India’s way of implementation of SEZ’s in the continent;
Considering the need to enhance foreign investment and promote exports from the country and realizing the need that a level playing field must be made available to the domestic enterprises and manufacturers to be competitive globally, the Indian Government had in April 2000 announced the introduction of Special Economic Zones policy in the country, deemed to be foreign territory for the purposes of trade operations, duties and tariffs. As of 2007, more than 500 SEZs have been proposed, 220 of which have been created. This has raised the concern of the World Bank, which questions the sustainability of such a large number of SEZs.
The Special Economic s in India closely follows the Chinese model.
India passed special economic zone act in 2005. In India, the government has been proactive in the development of the SEZs. They have formulated policies, reviewed them occasionally and have ensured that ample facilities are provided to the developers of the SEZs as well as to the companies setting up units in the SEZs.
The government of India launched its first SEZ in 1965, in Kandla, Gujarat. The incentives and facilities offered to the units in SEZs for attracting investments into the SEZs, including foreign investment include:-
Duty free import/domestic procurement of goods for development, operation and maintenance of SEZ units.

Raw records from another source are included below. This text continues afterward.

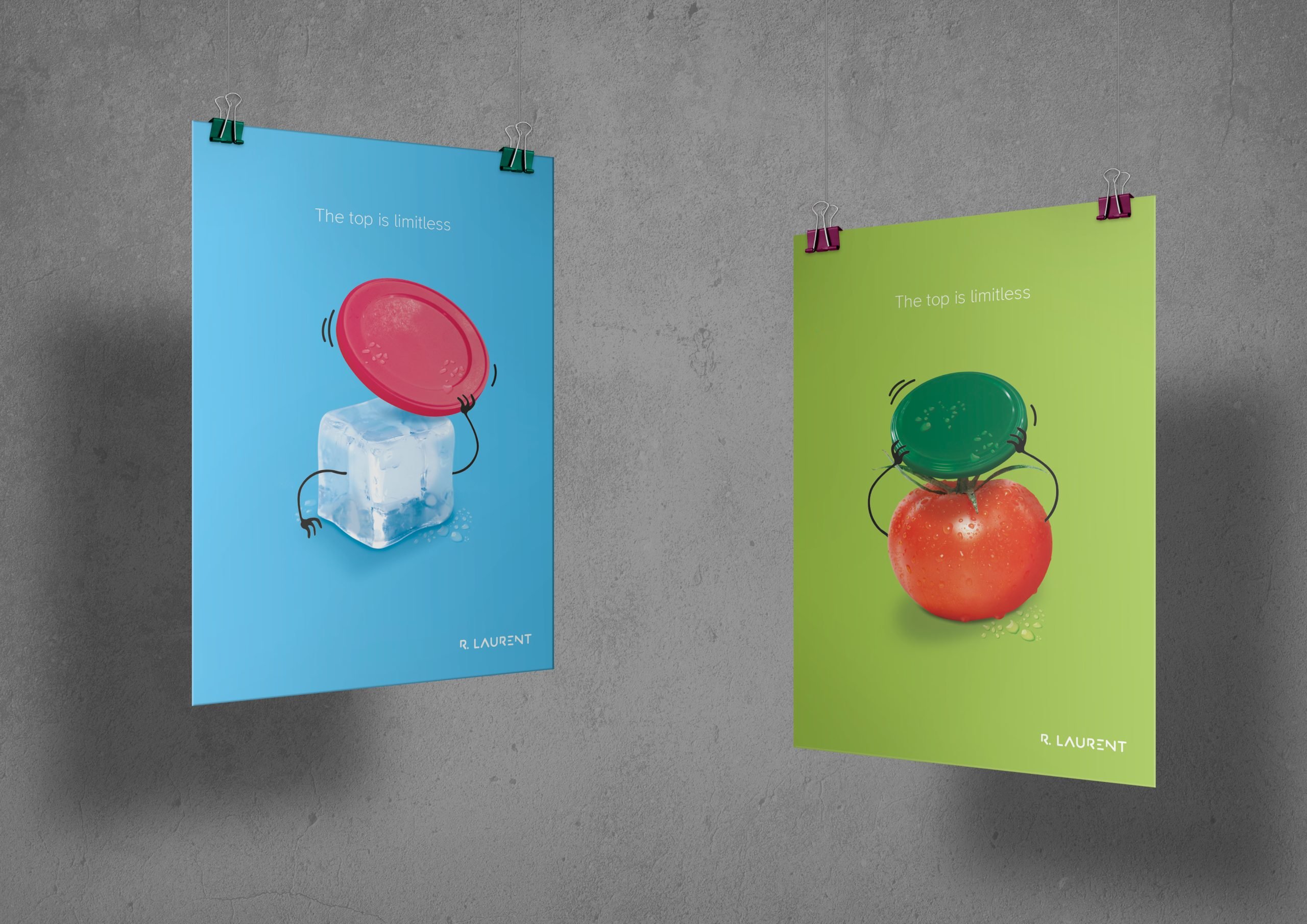 Dans le cadre de la reprise de la société et son intégration au groupe Machinext, R Laurent revoit tout sa communication b to b et décide de travailler avec nous l’expression de sa singularité. L’agence prend le parti de conceptualiser le métier et de promouvoir des visuels clef autour de l’adn de la marque : la créativité industrielle autour du couvercle. Pour illustrer le positionnement, le slogan « The top is limitless » signe la campagne et illustre le nouveau positionnement du discours de marque.
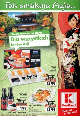 {loadposition linkKaufland} Nowa gazetka promocyjna marketu Kaufland - "Tak smakuje Azja...". Polecane promocje z gazetki Kaufland: Sushi Sun Food 225 g - 12,99 zł. Sos sojowy Pearl River Bridge 150 ml - 1,99 zł. Filet z piersi kurcząt…
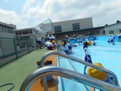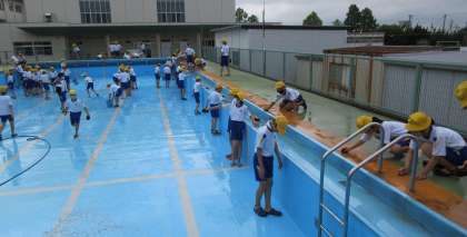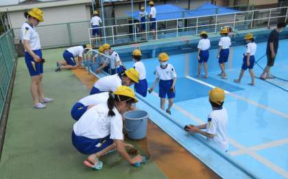 子供たちは、下級生が気持ちよくプール学習に取り組めるよう、ピカピカになるまできれいにしました。自分の担当の場所を一生懸命に掃除している姿は、すてきでした。

100% Income Tax exemption on export income for SEZ units under Section 10AA of the Income Tax Act for first 5 years, 50% for next 5 years thereafter and 50% of the ploughed back export profit for next 5 years.
Single window clearance for Central and State level approvals.
Exemption from State sales tax and other levies as extended by the respective regional Governments.
Exemption from customs/excise duties for development of SEZs.
Need for Ethiopia:
Ethiopia is located in south eastern side of Africa. It has a total land of 1120,000 sq Kms. It has only 7000 Sq Kms of water resources (0.6%). It has no coastal line. The monsoon is tropical. It has high plateau .It has much untapped reserves of minerals.
The land use consists of only 10% arable land, permanent crops accounting for only 0.65% .It is a country richly endowed with huge manpower and arable land. Much of its physical, human and natural resources potential are not yet exploited. Only 15 % of land mass is developed.
The mineral resource potential is high with gold, marble, copper, iron, zinc soda ash, is yet to be exploited. The level of development of manufacturing is at its infancy. There is wide scale hunger, poverty, illiteracy followed by unemployment and untapped natural resources. The process of industrialization is very slow.
Privatisation programmes in the country:
It is only 15 years since Ethiopia began moving from a state run economy to the market economy. The government has initiated a privatization programmed since 1995/96.The privatization programme is slowly gaining momentum. There is need for an innovative programme to overcome the problems speedily. The implementation of Special Economic Zones (SEZ) in the country can be good solution to overcome the problems.
Conclusions and suggestion:
The process can be initiated on a trial basis in some backward regions and tested for its performance.
Later it can be implemented in other parts of the country, if they are convinced about the results, especially with reference to foreign exchange crisis. The entry of foreign and multinational companies solves many of its economic and to some extent social problems of the country.